Alpha-synuclein is a protein found in the human brain, particularly abundant within neurons. This small protein plays a part in the processes that allow brain cells to communicate effectively. While its exact physiological functions are still being investigated, it is recognized in both healthy brain activity and its association with certain neurological disorders when it undergoes abnormal changes.
Normal Roles in the Body
Alpha-synuclein is abundant throughout the brain, especially at the presynaptic terminals of neurons. These terminals are specialized regions where neurotransmitters are released to communicate with other neurons. In this location, alpha-synuclein interacts with phospholipids and other proteins to support synaptic function.
The protein is involved in the regulation of synaptic vesicle trafficking, which involves tiny sacs (synaptic vesicles) that store neurotransmitters. It helps in processes such as the docking, priming, and fusion of these vesicles to release neurotransmitters into the synaptic cleft. Alpha-synuclein also influences the recycling of synaptic vesicles after they have released their contents, ensuring efficient signal transmission.
The precise effect of alpha-synuclein on neurotransmitter release, whether it facilitates or inhibits it, remains a topic of discussion. However, it is clear that it helps regulate the availability of vesicles for neurotransmission and can modulate the release of dopamine, a neurotransmitter involved in movement, motivation, and reward. The protein’s interaction with the SNARE complex, a group of proteins involved in vesicle fusion, highlights its role in neuronal communication.
When Alpha-Synuclein Goes Wrong
Under healthy conditions, alpha-synuclein typically exists as a monomer, a single, unfolded protein, or as a helically folded form when bound to membranes. However, in certain pathological states, this protein can undergo a conformational change, misfolding into a beta-sheet-rich structure. This altered shape makes it prone to aggregation, where multiple misfolded proteins form clumps.
These aggregates can form various structures, from small, soluble oligomers and protofibrils to larger, insoluble fibrils. These insoluble clumps are the main components of abnormal inclusions found within neurons, known as Lewy bodies and Lewy neurites. The accumulation of these aggregates is thought to disrupt normal cellular functions and can ultimately lead to neuronal dysfunction and cell death.
Research suggests that these misfolded alpha-synuclein aggregates can spread from one brain cell to another in a “prion-like” manner. In this process, the abnormal protein acts as a template, inducing normally folded alpha-synuclein in neighboring cells to misfold and aggregate. This cell-to-cell transmission of pathology is believed to contribute to the progressive spread of neurodegeneration throughout the brain. Such aggregates interfere with cellular processes including the ubiquitin-proteasome system and lysosomal pathways, which are responsible for protein degradation and waste removal. Additionally, these abnormal forms can negatively impact mitochondrial function, reducing energy production and increasing oxidative stress within neurons.

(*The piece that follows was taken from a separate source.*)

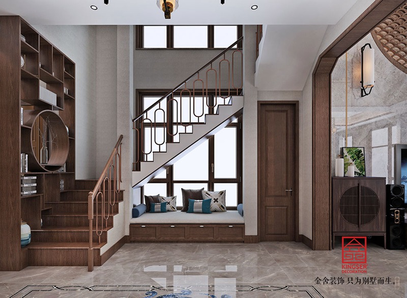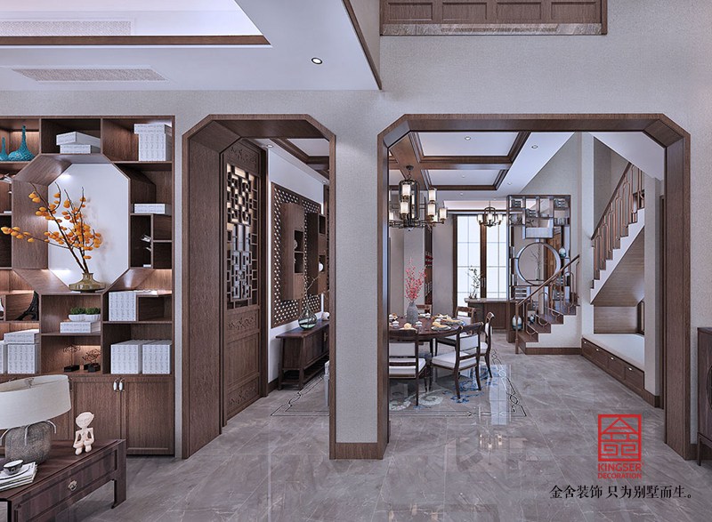 設計師倡導「詩性東方」獨特語境下的設計表達,圍繞“秀雅詩性”、“高貴平和”、“國際東方”三大議題鋪陳開來,探索東方哲思啟迪下材料和光影演繹的宜居實踐,以空間寫詩。分而不隔,互相滲透,增加了層次的虛實映襯和光影引入,使得庭院更符合人的日常生活尺度,家庭成員在這里相互交流,活動動線也更為舒展。

Associated Neurological Conditions
Alpha-synuclein pathology is a characteristic of a group of neurodegenerative disorders collectively known as synucleinopathies. These conditions include Parkinson’s Disease (PD), Dementia with Lewy Bodies (DLB), and Multiple System Atrophy (MSA), each presenting with distinct clinical symptoms due to the specific brain regions affected by alpha-synuclein aggregates.
In Parkinson’s Disease, the accumulation of alpha-synuclein in Lewy bodies is prominent in the dopamine-producing neurons of the substantia nigra, a brain region involved in movement control. The presence of these aggregates is strongly associated with the progressive degeneration and loss of these dopamine neurons, which leads to the characteristic motor symptoms of PD, such as tremor, rigidity, and slow movement. The aggregates are also thought to interfere with synaptic function, impairing neurotransmitter release and contributing to neuronal dysfunction.
Dementia with Lewy Bodies is characterized by the widespread presence of Lewy bodies and Lewy neurites throughout the brain, including the cortex. This extensive pathology directly impacts cognitive function, leading to symptoms like fluctuating attention, problems with executive function, and recurrent visual hallucinations. The small alpha-synuclein aggregates found at presynaptic terminals, rather than just the larger Lewy bodies, are thought to be a primary cause of the synaptic dysfunction observed in DLB, contributing to the cognitive decline.
Multiple System Atrophy is distinct in that alpha-synuclein aggregates primarily accumulate in glial cells (oligodendrocytes) rather than neurons. These aggregates form glial cytoplasmic inclusions (GCIs) and are found in various brain regions, including the cerebellum, brainstem, and basal ganglia. The presence of GCIs leads to the degeneration of oligodendrocytes and the myelin sheath they produce, resulting in widespread neurological dysfunction. This pathology underlies the diverse symptoms of MSA, which can include autonomic dysfunction (e.g., blood pressure regulation issues), cerebellar ataxia (impaired coordination and balance), and parkinsonism (motor symptoms similar to PD).